Dataset extract —
_ _ _ _ _ _ _

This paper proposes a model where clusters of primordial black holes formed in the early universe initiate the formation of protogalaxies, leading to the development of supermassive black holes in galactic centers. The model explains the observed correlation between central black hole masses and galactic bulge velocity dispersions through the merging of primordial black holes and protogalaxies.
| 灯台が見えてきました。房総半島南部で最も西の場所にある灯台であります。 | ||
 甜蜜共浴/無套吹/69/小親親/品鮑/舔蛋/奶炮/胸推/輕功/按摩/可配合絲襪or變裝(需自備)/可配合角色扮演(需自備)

_ _ _ _ _ _ _

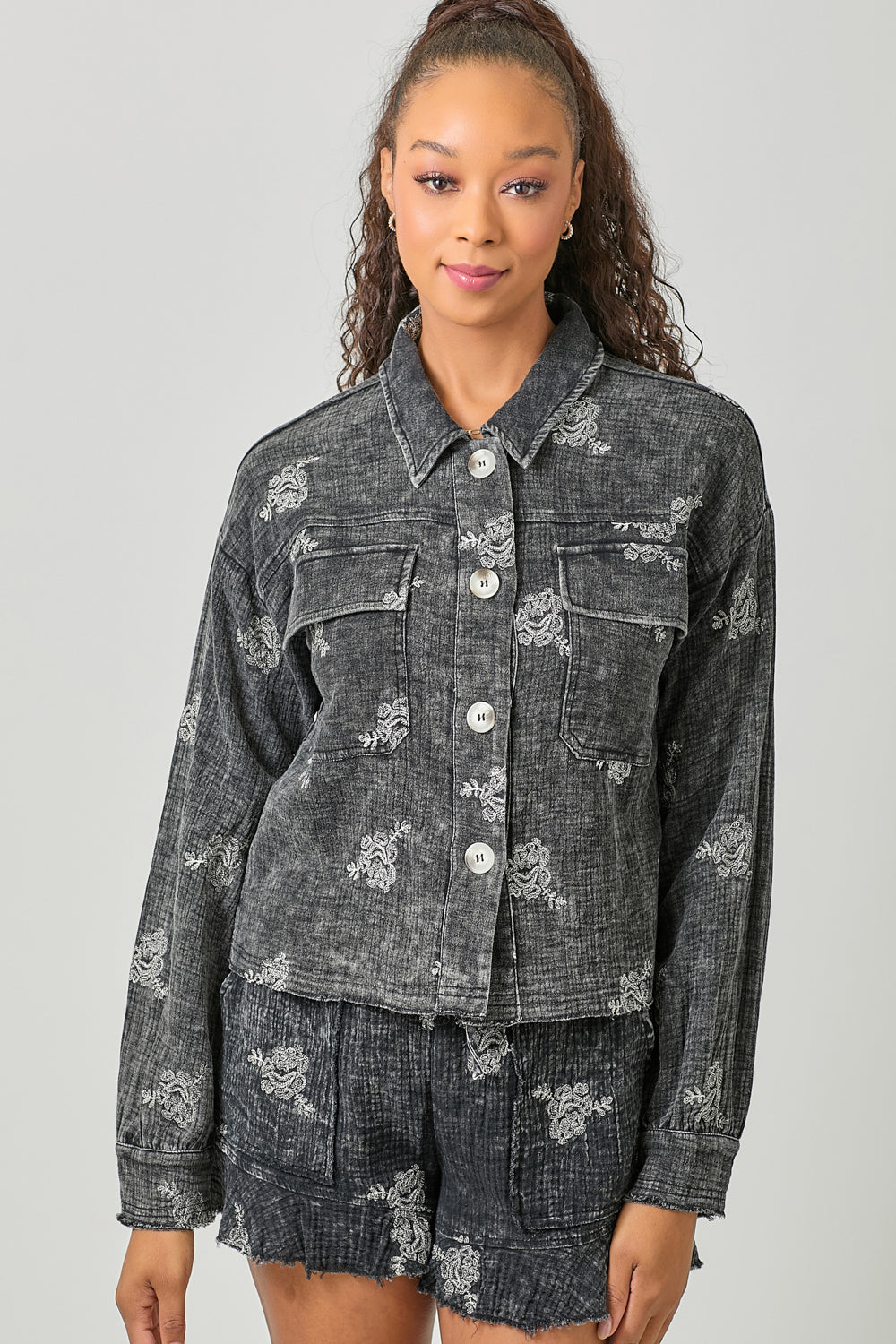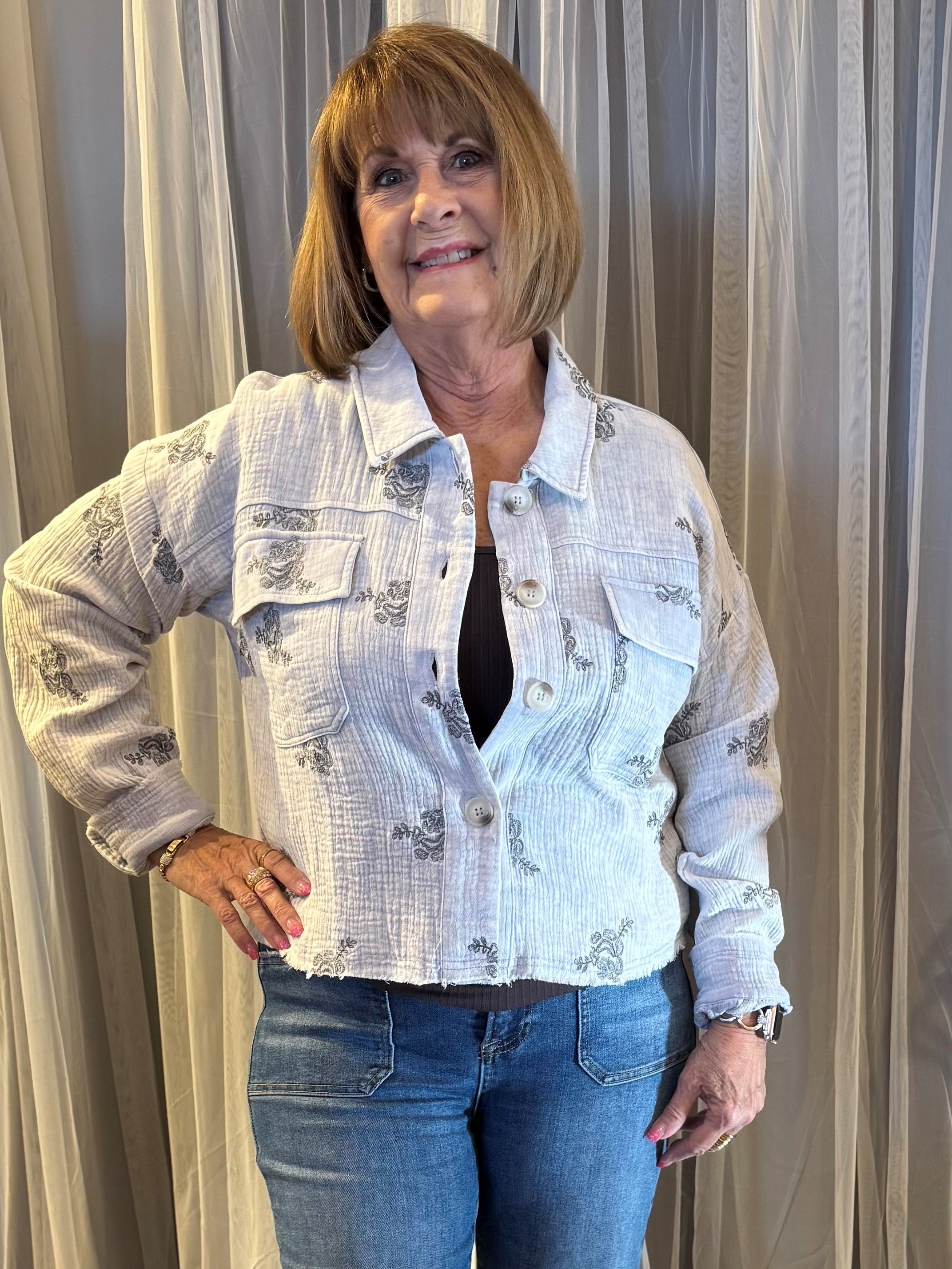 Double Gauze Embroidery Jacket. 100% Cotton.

_ _ _ _ _ _ _

What to do —
Copy out precisely the lines from the line with "This paper proposes" to the line with "甜蜜共浴/無套吹/69/小親" in the material above, including those two lines and omitting all the rest.

Output —
This paper proposes a model where clusters of primordial black holes formed in the early universe initiate the formation of protogalaxies, leading to the development of supermassive black holes in galactic centers. The model explains the observed correlation between central black hole masses and galactic bulge velocity dispersions through the merging of primordial black holes and protogalaxies.
| 灯台が見えてきました。房総半島南部で最も西の場所にある灯台であります。 | ||
 甜蜜共浴/無套吹/69/小親親/品鮑/舔蛋/奶炮/胸推/輕功/按摩/可配合絲襪or變裝(需自備)/可配合角色扮演(需自備)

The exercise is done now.